暗号資産取引所 Backpack Exchange は、日本ユーザー向けに 借入/貸出(Borrow/Lend)サービス の提供を開始しました。
本サービスでは、対応する暗号資産をアカウントに入金すると、自動的にレンディング(貸付)が適用される設計が採用されており、国内取引所の「貸暗号資産サービス」とは異なる仕組みとなっています。
本記事では、「BackpackのBorrow/Lendとは何か」「日本版で特に注意すべきポイント」を、初めて知った人向けに簡潔に整理します。
BackpackのBorrow/Lendとは?
BackpackのBorrow/Lendは、ユーザーが暗号資産をBackpackに貸し付け(Lend)、別のユーザーが担保を差し入れてBackpackから借りる(Borrow)という構造を持つサービスです。
重要な点として、
ユーザー同士が直接貸し借りする仕組みではなく、Backpack自身が相手方となります。
- 貸し手(Lender):資産をBackpackに貸し付け、利息を得る
- 借り手(Borrower):担保を差し入れてBackpackから資産を借り、金利を支払う
- Backpack:金利モデル・担保管理・清算などを一括で管理
利息の原資は主に、借り手が支払う借入金利であり、銘柄によってはステーキング報酬などが加味される場合もあります。
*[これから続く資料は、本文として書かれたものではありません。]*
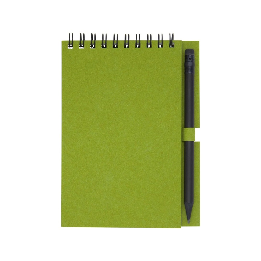 Блокнот Luciano Eco на пружине, с карандашом, маленький, зеленый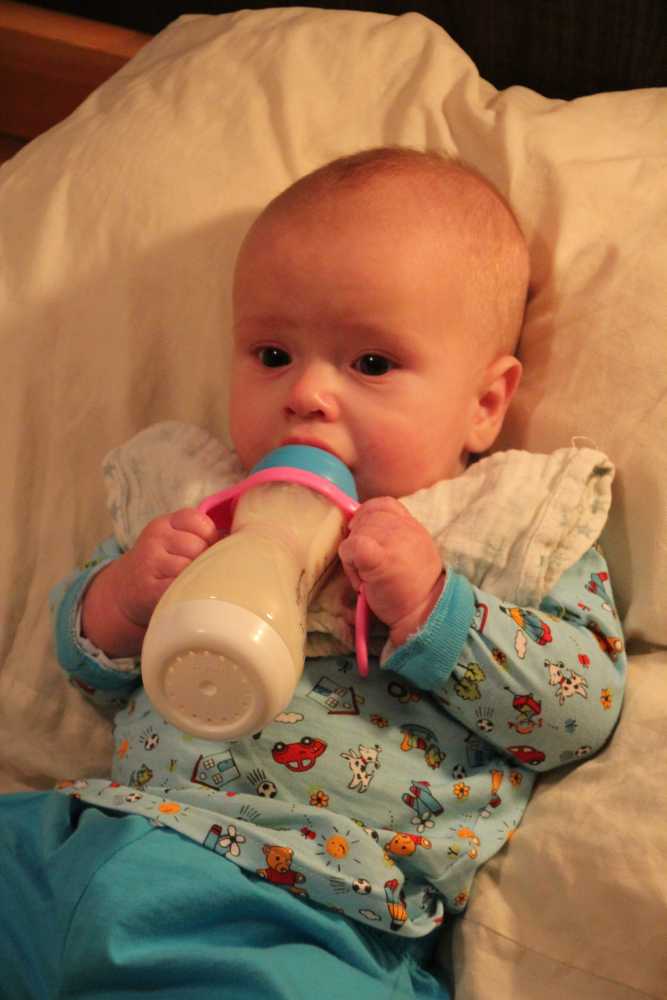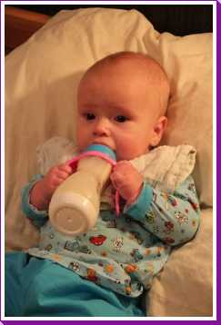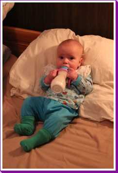 8 oktober: Ik kan inmiddels al zelfstandig mijn fles drinken, gewoon lekker liggend op bed.........

日本版Borrow/Lendの最大の特徴:「自動レンディング」
日本ユーザー向けのBorrow/Lendでは、
対応アセットを入金した時点で、自動的にレンディング(貸付)が開始されます。
つまり、
「とりあえず入金しただけ」
=「Backpackに資産を貸し付けた状態」
になる点が、国内取引所と大きく異なります。
自動レンディングは常に有効
日本版では、レンディングをON/OFFで切り替える操作は存在せず、
対応アセットの入金=自動的に貸付開始
という前提で設計されています。
7日満期の出金制限に注意
もう一つ、日本版Borrow/Lendで必ず理解しておくべきなのが、
7日間の満期(出金制限) という考え方です。
基本ルール
- 対応アセットを入金すると、そのアセットは 7日間出金不可
- 7日経過後、そのアカウント×そのアセットについて 全額出金のみ可能
- 部分出金はできない
この仕様は「ロック」ではなく、
7日満期のローン(貸付)として管理されている という点が重要です。
追加入金で満期がリセットされる点に注意
特に初心者が混乱しやすいのが、追加入金時の挙動です。
同じアカウント・同じアセットに対して、途中で追加入金を行うと、
そのアセット全体の「出金可能日」が、
最後に入金した日から7日後にまとめてリセットされる。
例
- 初日:BTCを1枚入金
- 3日目:同じアカウントにBTCを0.5枚追加入金
→ 合計1.5BTCすべてが 10日目まで出金不可
「最初に入れた分だけ先に出す」といったことはできないため、
頻繁に動かす予定の資産は、サブアカウントを分けて管理するのが実務上の対策となります。
Borrow(借入)でできること
出金制限中であっても、
貸付中の資産は担保として利用可能 というのがBackpackの特徴です。
たとえば、
- BTCやSOLを担保に
- USDCなどの別資産を借りる
- 借りたUSDCを外部ウォレットへ出金
といった使い方が可能です。
ただしBorrowを利用する場合は、
- 借入金利の支払い
- 担保価格下落による清算リスク
といった追加リスクを伴うため、「非常時の流動性確保手段」として理解しておくのが無難です。
金利は固定ではなく「変動制」
BackpackのBorrow/Lendでは、
国内サービスのような「年率◯%固定」とは異なり、利用率に応じて金利が変動します。
- 借りたい人が多い → 金利が上がりやすい
- 借りたい人が少ない → 金利は下がりやすい
画面に表示されるAPYは、あくまでその時点のスナップショットであり、将来の利率を保証するものではありません。
国内の貸暗号資産サービスとの違い
| 項目 | 国内サービス | Backpack |
|---|---|---|
| 出金制限 | 数ヶ月〜1年 | 7日満期 |
| 利率 | 固定が多い | 変動制 |
| 募集枠 | あり(先着・抽選) | 原則なし |
| 担保利用 | 不可 | 可能(借入・Borrow) |
「どちらが優れているか」ではなく、
資産の性格に応じて使い分けるのが現実的です。
まとめ
- Backpack Exchangeが日本でBorrow/Lendサービスを開始
- 入金すると自動的にレンディングが適用される設計
- 7日満期の出金制限があり、追加入金で満期がリセットされる
- 出金制限中でも担保としてBorrowが可能
- 金利は利用率ベースの変動制
国内取引所とは考え方が大きく異なるため、
「知らずに使う」と混乱しやすいが、仕組みを理解すれば柔軟な運用が可能なサービスと言えます。